Provided material: Begin

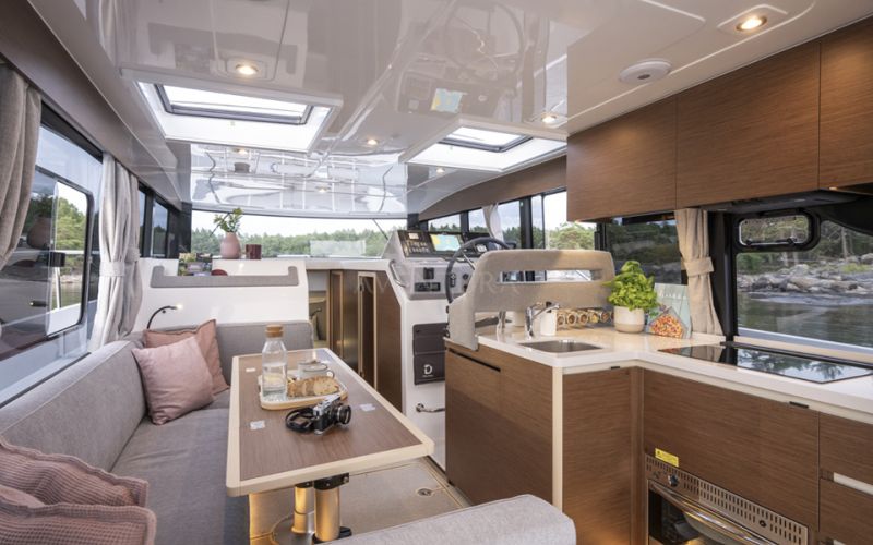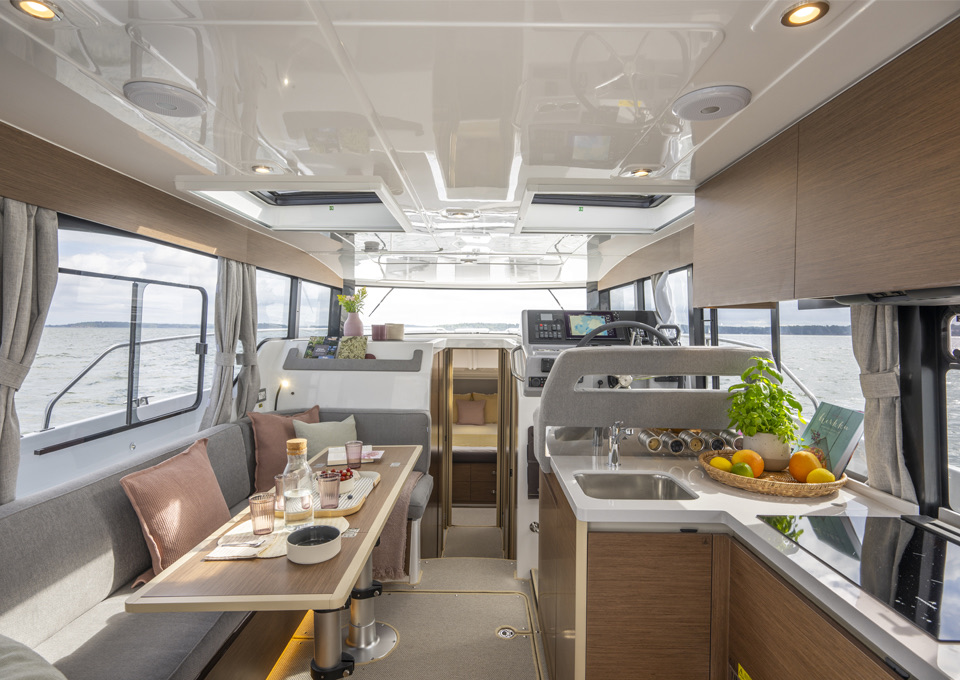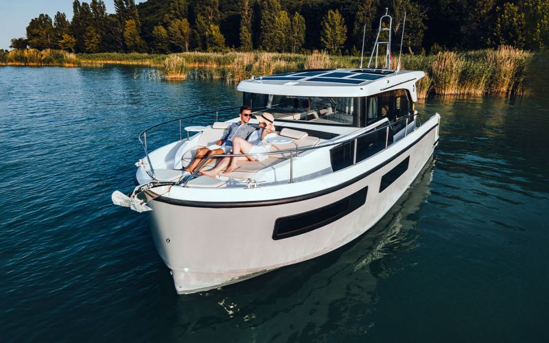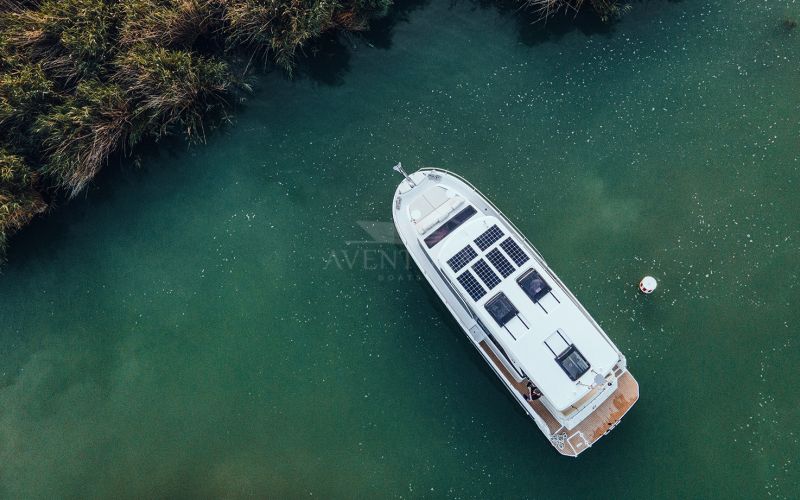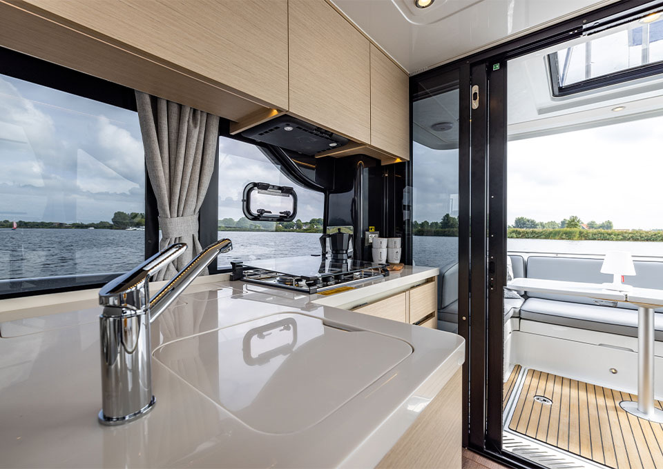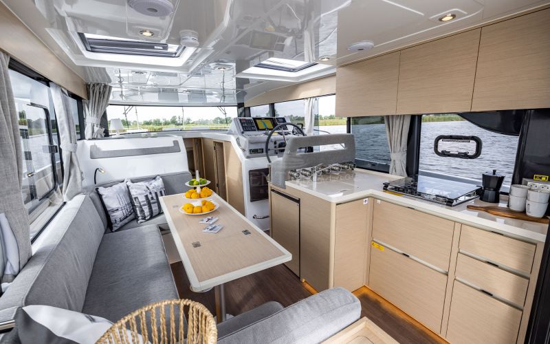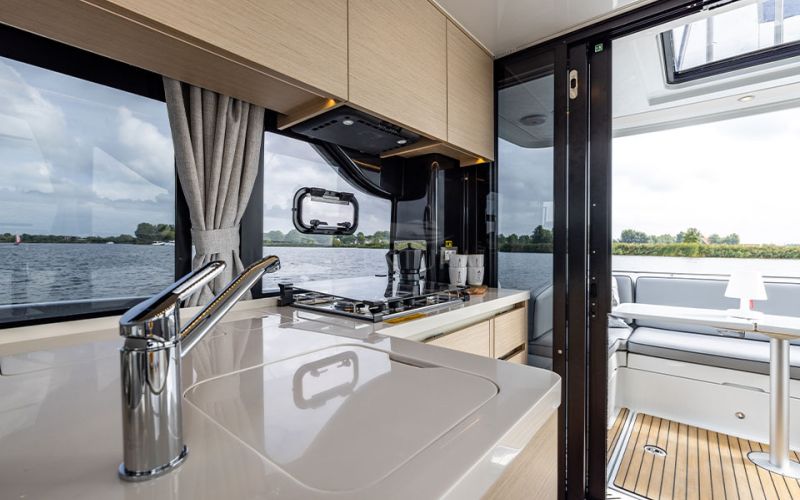 Life on board is centred around convivial shared spaces that flow naturally between exterior and interior. The cockpit lounge opens directly onto the saloon, so all passengers remain connected whether they choose to sit inside or outside. A wetbar aft, complete with barbecue and sink, allows the chef to stay involved in the conversation while preparing meals, without blocking access routes. On deck, practical features such as multiple solar panels, sliding roof hatches, folding antennas and a folding radar mast underline the boat's focus on autonomy, practicality and ease of operation in inland and coastal waters.
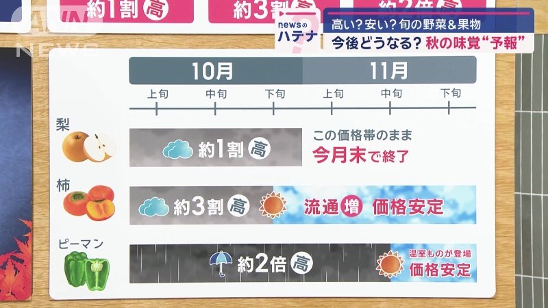 経済 スーパーJチャンネル 2024年10月8日 07:30 ブドウ・ナシ…「秋の味覚」価格どうなる? スーパー社長に聞く、お得な野菜&果物 2024年10月8日 07:30 /3 今の時期に、お買い得な「秋の味覚」 今少し高くなっているのが… 価格は、いつ頃落ち着く? この写真の記事・動画はこちら ・カキの“生食用”と“加熱用”何が違うかご存じですか?「鮮度」ではないんです!実は・「川に白い水が流れている」で発覚 38年間トイレなどの汚水垂れ流し・100年以上“猛暑日知らずの街”今年も「エアコンは使っていない」移住の相談は約2倍 さらに、夏でもサウナが味わえる“涼しい街”も・“花柄ミニスカ”女性 コンセントに謎の“テープ貼り”…伊豆で被害多発・保存容器のタッパーが破産申請 トップ 経済 ギャラリー
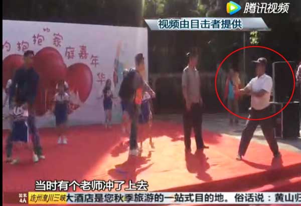目击家长: “不知道怎么回事,他就拿着菜刀,好像要砍人的样子,我当时在台下拍视频,也没反应过来,因为他从侧面持刀冲上来。”

Provided material: End

**Prompt**
The required answer is an exact copy of the lines from the one containing "経済 スーパーJチャンネル 2024年10月8日" through the last line of the material, with the pictures removed.

**Result of this exercise**
 経済 スーパーJチャンネル 2024年10月8日 07:30 ブドウ・ナシ…「秋の味覚」価格どうなる? スーパー社長に聞く、お得な野菜&果物 2024年10月8日 07:30 /3 今の時期に、お買い得な「秋の味覚」 今少し高くなっているのが… 価格は、いつ頃落ち着く? この写真の記事・動画はこちら ・カキの“生食用”と“加熱用”何が違うかご存じですか?「鮮度」ではないんです!実は・「川に白い水が流れている」で発覚 38年間トイレなどの汚水垂れ流し・100年以上“猛暑日知らずの街”今年も「エアコンは使っていない」移住の相談は約2倍 さらに、夏でもサウナが味わえる“涼しい街”も・“花柄ミニスカ”女性 コンセントに謎の“テープ貼り”…伊豆で被害多発・保存容器のタッパーが破産申請 トップ 経済 ギャラリー
目击家长: “不知道怎么回事,他就拿着菜刀,好像要砍人的样子,我当时在台下拍视频,也没反应过来,因为他从侧面持刀冲上来。”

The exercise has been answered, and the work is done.